John Knox was born in Haddington, near Edinburgh, in about 1514 or 1515. He was orphaned at an early age, but his relatives sent him to St Andrews University and when he graduated he became a priest, working as a notary apostolic (ecclesiastical lawyer) and then as tutor to two young boys. Listening to the Reformer George Wishart preach, he converted to Protestantism.

In 1546 Wishart was arrested, tried by a Church court presided over by Cardinal Beaton and burned at the stake. Two months later, a group of Protestants broke into St Andrews Castle and murdered Beaton. They then held the Castle and were joined by supporters of Wishart, including Knox. A lengthy siege by the Scottish army ensued until a French fleet, summoned by the Dowager Queen Mary of Guise, captured the Castle and carried off Knox and his colleagues to serve as slaves in their galleys.

When he was finally released, it was too dangerous for Knox to return to Scotland. Instead, he travelled to England and was appointed pastor of Berwick-on-Tweed. There he gained such fame that he preached before King Edward VI of England, became an influential figure in the English Protestant Church and was invited to become Bishop of Rochester. He refused. Edward VI was dying and everyone knew that he would be succeeded by his Catholic sister, Mary Tudor. When that happened, and she began to persecute Protestants, Knox moved to the safety of Geneva, becoming the friend and disciple of John Calvin and serving as minister to a congregation of fellow exiles. There he wrote his First Blast of the Trumpet against the Monstrous Regiment of Women, urging subjects to depose ‘ungodly’ female monarchs.

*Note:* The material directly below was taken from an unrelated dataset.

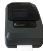
GC-GK420t Stampante etichette adesive Sticky labels printer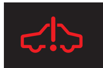
ハイブリッドシステム異常警告灯

The Scottish Lords, determined to make Scotland a Protestant country, invited him back to lead them. Many of their motives were secular rather than religious, but Knox’s preaching inspired them. They finally triumphed after the death of Mary of Guise in 1560 and Scotland became an officially Protestant country. When Mary, Queen of Scots came back from France the following year, Knox was convinced that she intended to make the country Catholic once more, and preached vigorously against her. She summoned him to her Palace of Holyroodhouse to confront him, but there could be no meeting of minds between them. In 1568 Queen Mary fled to England after her defeat by her Scottish enemies at the Battle of Langside. Knox continued to serve as minister of St Giles’. His much loved first wife, the English Marjorie Bowes, had died leaving him with two small sons but he had remarried and now had three daughters. However, his health was failing and he died on 24 November 1572.